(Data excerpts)
%%

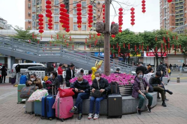 1月8日,旅客在深圳福田口岸附近休息。陈楚红/摄
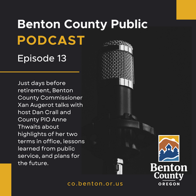 In the last episode of the year, the Benton County Public Podcast commemorates the service of Commissioner Xan Augerot, who is retiring at the end of her second term on the Benton County Board of Commissioners.
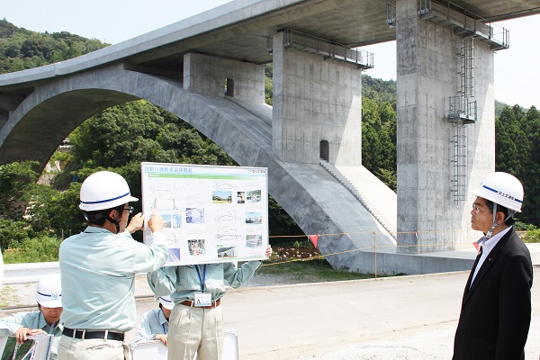 狩野川横断高架橋の整備状況について説明を受ける石井大臣
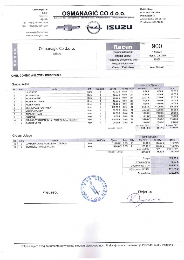 Cijena sa PDV-om 13.285€
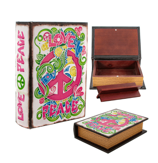 En elegant och diskret förvaringslåda i trä – formad som en bok med ett färgglatt “Love & Peace”-motiv. Perfekt för dig som vill förvara mindre föremål på ett smart och dolt sätt.

%%

▸ Assignment:
What you give back should be exactly the lines from the top of the data above down to and including the line with "Cijena sa PDV-om 13.285€", minus any pictures.

▸ Your response:
 1月8日,旅客在深圳福田口岸附近休息。陈楚红/摄
 In the last episode of the year, the Benton County Public Podcast commemorates the service of Commissioner Xan Augerot, who is retiring at the end of her second term on the Benton County Board of Commissioners.
 狩野川横断高架橋の整備状況について説明を受ける石井大臣
 Cijena sa PDV-om 13.285€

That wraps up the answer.